# What the exercise asks
Restate every record word for word, without the pictures.

···

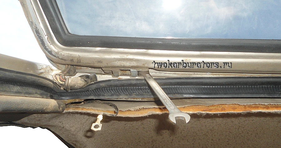 Немного отгибаем обивку потолка в месте крепления петель двери к кузову, предварительно сняв ее окантовку.
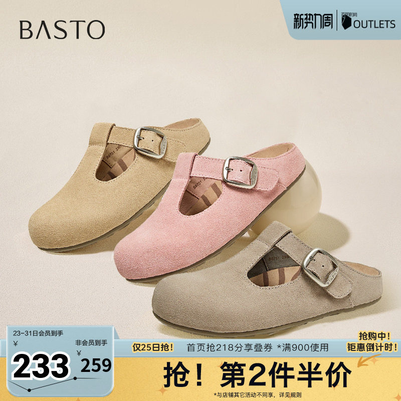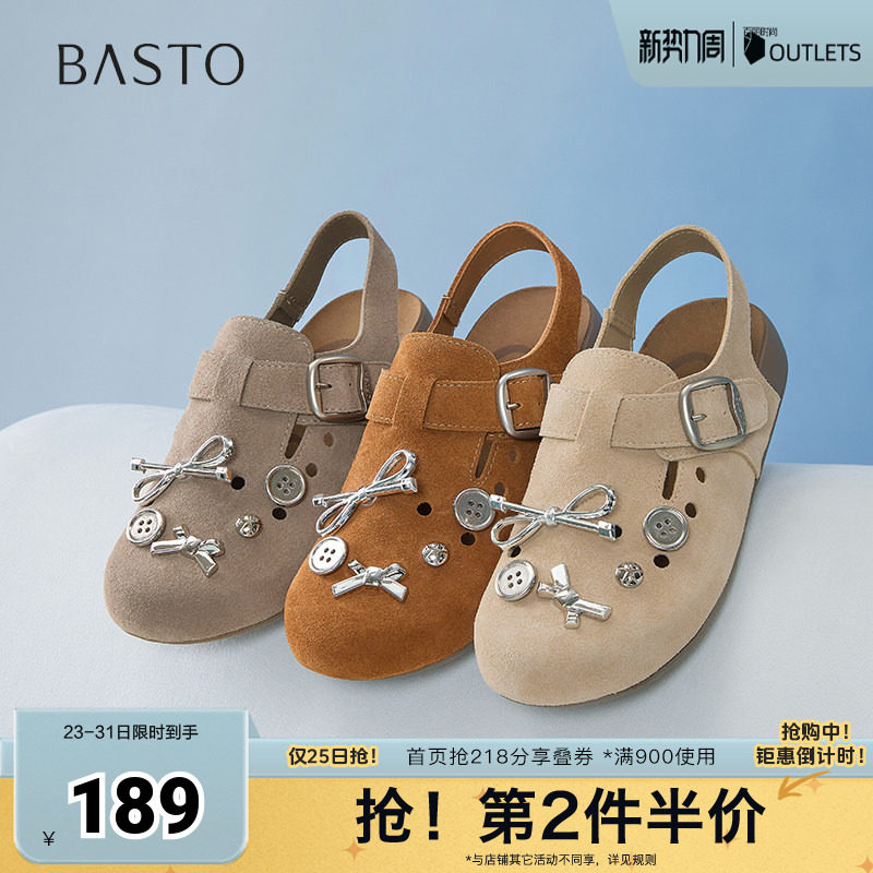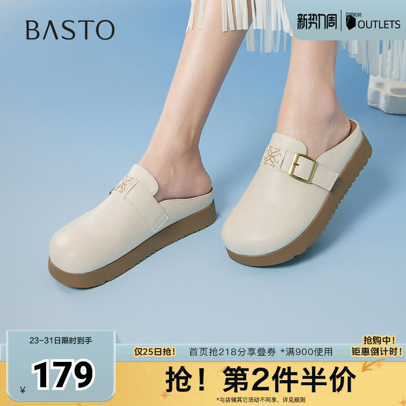 百思图夏季新款商场同款简约休闲百搭穆勒鞋平跟女凉鞋D3022BH5
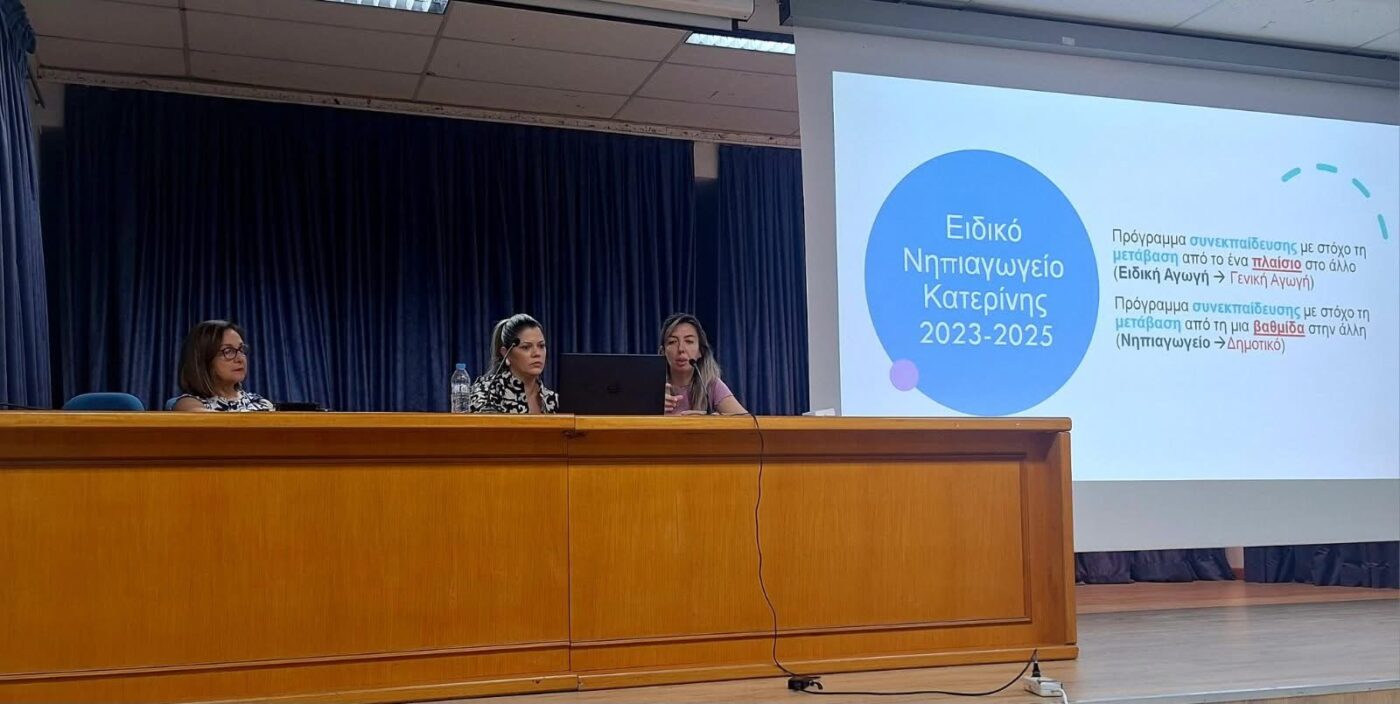 Την Πέμπτη 19 Ιουνίου 2025 πραγματοποιήθηκε η ημερίδα με τίτλο «Εκπαιδευτικές Δράσεις Εξωστρέφειας», στο πλαίσιο της πράξης «Ενέργειες προγραμματισμού του εκπαιδευτικού έργου των νηπιαγωγείων για το σχολικό έτος 2025-2026 – Προγραμματισμός λειτουργίας ολοήμερου προγράμματος και νέων αναβαθμισμένων προγραμμάτων νηπιαγωγείου», η οποία διοργανώθηκε από τη σύμβουλο εκπαίδευσης ΠΕ60 της Διεύθυνσης Πρωτοβάθμιας Εκπαίδευσης Πιερίας.
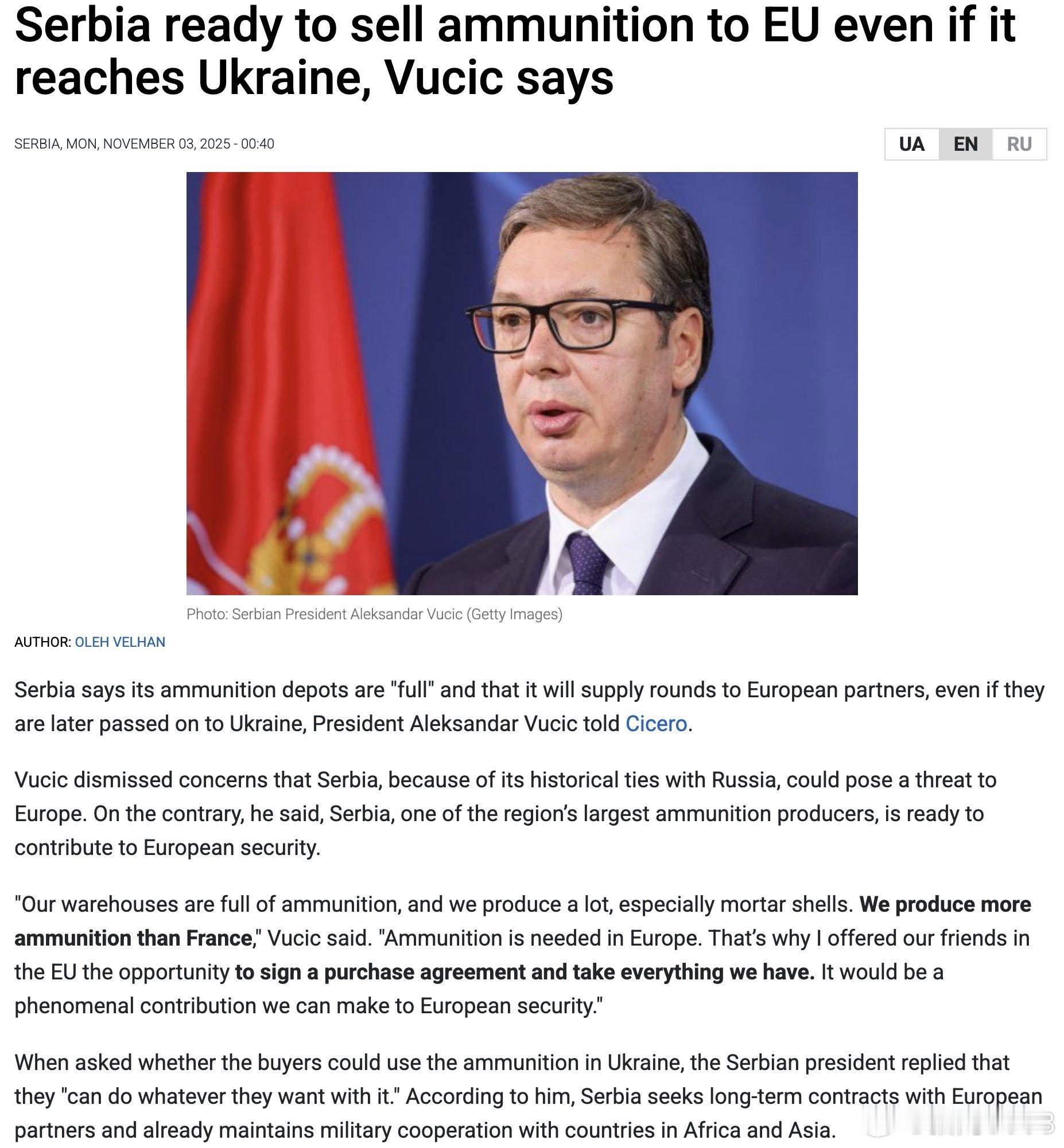 塞尔维亚现在公开表示,他们将向欧盟国家出售弹药用于乌克兰战争,并且他们的弹药产量比法国还多,他们愿意全部出售。
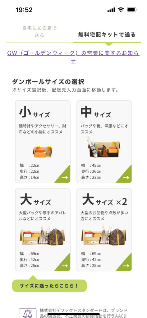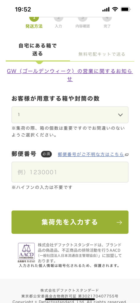 自分で箱を準備するか?無料で段ボール送ってもらうか?選べるようです。今回は自分で用意しました。
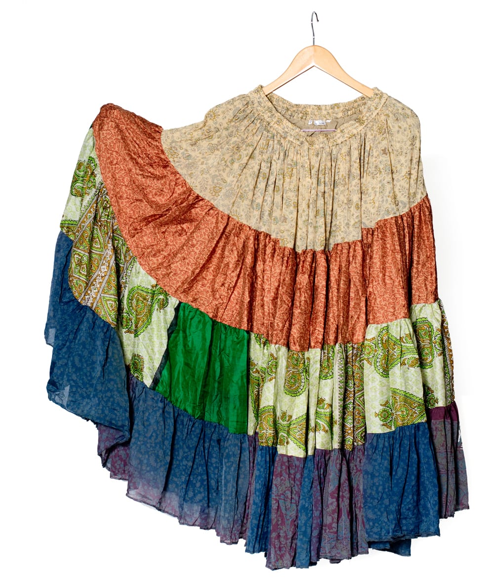 25ヤード アンティークサリーのジプシーパッチワークスカート4段【90cm】 通販店
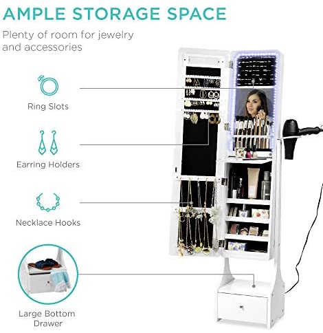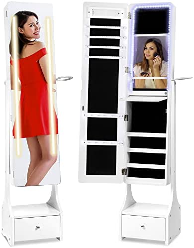 ADJUSTABLE TILT: Innovatively built with a sturdy base that can be tilted to 3 different angles to give the best head-to-toe view for easy and convenient outfit planning while a magnetic door ensures accessories stay safe inside

···

# Solved problem
 Немного отгибаем обивку потолка в месте крепления петель двери к кузову, предварительно сняв ее окантовку.
 百思图夏季新款商场同款简约休闲百搭穆勒鞋平跟女凉鞋D3022BH5
 Την Πέμπτη 19 Ιουνίου 2025 πραγματοποιήθηκε η ημερίδα με τίτλο «Εκπαιδευτικές Δράσεις Εξωστρέφειας», στο πλαίσιο της πράξης «Ενέργειες προγραμματισμού του εκπαιδευτικού έργου των νηπιαγωγείων για το σχολικό έτος 2025-2026 – Προγραμματισμός λειτουργίας ολοήμερου προγράμματος και νέων αναβαθμισμένων προγραμμάτων νηπιαγωγείου», η οποία διοργανώθηκε από τη σύμβουλο εκπαίδευσης ΠΕ60 της Διεύθυνσης Πρωτοβάθμιας Εκπαίδευσης Πιερίας.
 塞尔维亚现在公开表示,他们将向欧盟国家出售弹药用于乌克兰战争,并且他们的弹药产量比法国还多,他们愿意全部出售。
 自分で箱を準備するか?無料で段ボール送ってもらうか?選べるようです。今回は自分で用意しました。
 25ヤード アンティークサリーのジプシーパッチワークスカート4段【90cm】 通販店
 ADJUSTABLE TILT: Innovatively built with a sturdy base that can be tilted to 3 different angles to give the best head-to-toe view for easy and convenient outfit planning while a magnetic door ensures accessories stay safe inside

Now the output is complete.